- Also known as: Polly A.
- Born: Flint, Michigan, United States
- Origin: Milwaukee, Wisconsin, United States
- Genres: R&B
- Occupation: Singer-songwriter
- Instrument: Vocals
- Years active: 2005–present
- Labels: 222 Columbia
- Website: myheartinfocus.com

= Meleni Smith =

American singer-songwriter

Meleni Smith, also known by her stage name Polly A., is an American singer-songwriter from Milwaukee, Wisconsin.

==Early life==
She was born in Flint, Michigan and raised by a Jamaican mother in Milwaukee, Wisconsin.

==Musical career==
Previously signed to Columbia Records, she released the EP 'Meet Me in the Bathroom' on August 2, 2005. She is also credited as a composer alongside Toby Gad for the song 'Happy' from the 2005 film Hitch soundtrack.

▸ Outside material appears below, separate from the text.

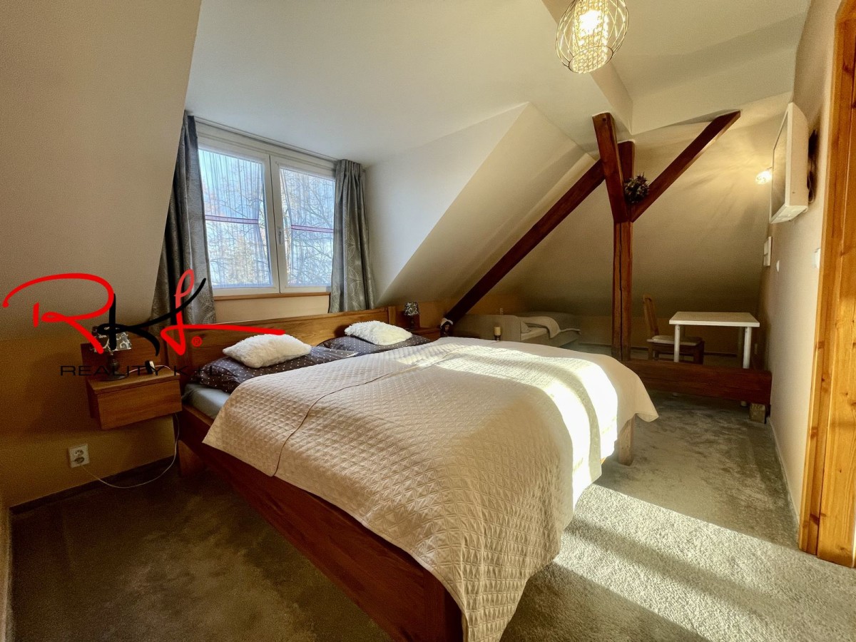 Výhled do obou části zahrady je samozřejmostí. Patro nabízí 49 m2.

Meleni Smith is credited as being a composer alongside producer Kerry Brothers, producer/songwriter Toby Gad and singer Alicia Keys for the 2009 song "Love is My Disease". She independently released the album 'My Heart in Focus' in February 2012. She was nominated in the 2013 Soul Train Music Awards for Record of the Year for co-writing the song "Crooked Smile" by rapper J. Cole.

In December 2014, Meleni Smith released an EP titled Distorted Fairytales.